At Kern-IT, KERNLAB optimized inference for the A.M.A assistant to ensure a smooth user experience while controlling costs. The system uses intelligent request routing: simple questions (classification, data extraction) are handled by a lightweight, fast model (Claude Haiku or GPT-4o-mini), while complex tasks (document analysis, multi-step reasoning) are directed to more powerful models (Claude Sonnet or Opus). This strategy reduced inference costs by 60% while maintaining user-perceived quality.

For an e-commerce client, Kern-IT deployed an LLM-powered recommendation system that must respond in under 200 milliseconds to avoid slowing the purchase journey.
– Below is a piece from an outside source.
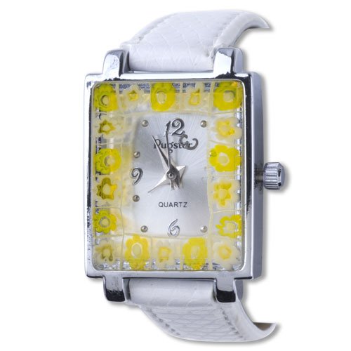 Stylish, trendy and personalized, the Pugster Square White Band Yellow Flower Encircled Murano Millefiori watch makes a great accent to both casual and business wear. Featuring a round graceful case and bright color band, this Pugster Square White Band Yellow Flower Encircled Murano Millefiori watch brings you both unmatchable punctuality and elegant appearance. The bright watch is not only a tool telling you the accurate time, but also a perfect fashionable ornament to show your unique taste and style. Every Square White Band Yellow Flower Encircled Murano Millefiori watch is elaborated designed by creative and avant-garde designers and crafted out of high quality materials. Crafted and authenticated by Pugster Inc, the Square White Band Yellow Flower Encircled Murano Millefiori Watch is available for both retail and wholesale purchase through our store.

Optimization combined semantic caching (similar queries reuse previously generated responses), prefix caching, and streaming to progressively display the response.

Implementation

1. Define SLAs: establish latency targets (TTFT, throughput), availability, and cost per request based on application requirements.
2. Choose infrastructure: managed API (OpenAI, Anthropic) for simplicity, or on-premise deployment (vLLM, TGI) for control and sensitive data.
3. Implement routing: direct requests to the most suitable model (small model for simple tasks, large model for complex tasks).
4. Enable caching: implement prefix caching and semantic caching to reduce redundant computations and costs.
5. Configure streaming: use token streaming to improve perceived latency on the user side, even when total generation takes time.
6. Monitor continuously: track latency (P50, P95, P99), error rate, cost per request, and throughput to identify degradations and optimize.

Associated Technologies and Tools

• Inference servers: vLLM, TGI (Hugging Face), TensorRT-LLM (NVIDIA) for open-source model deployment
• Managed APIs: OpenAI API, Anthropic API, Google Vertex AI, Azure OpenAI Service, AWS Bedrock
• Optimization: quantization (GPTQ, AWQ, GGUF), speculative decoding, continuous batching, Flash Attention
• Caching: prefix caching (Anthropic), GPTCache for semantic caching, Redis for application cache
• Monitoring: LangSmith, Helicone, Portkey for inference performance and cost tracking

Conclusion

Inference is the economic engine of AI in production. It is the process that transforms a trained model into concrete value for the user. At Kern-IT, KERNLAB masters inference optimization techniques to ensure fast, reliable, and economically viable AI applications. The intelligent routing strategy — using the right model for the right task — is at the heart of Kern-IT's approach, ensuring the best quality-to-cost ratio for each use case.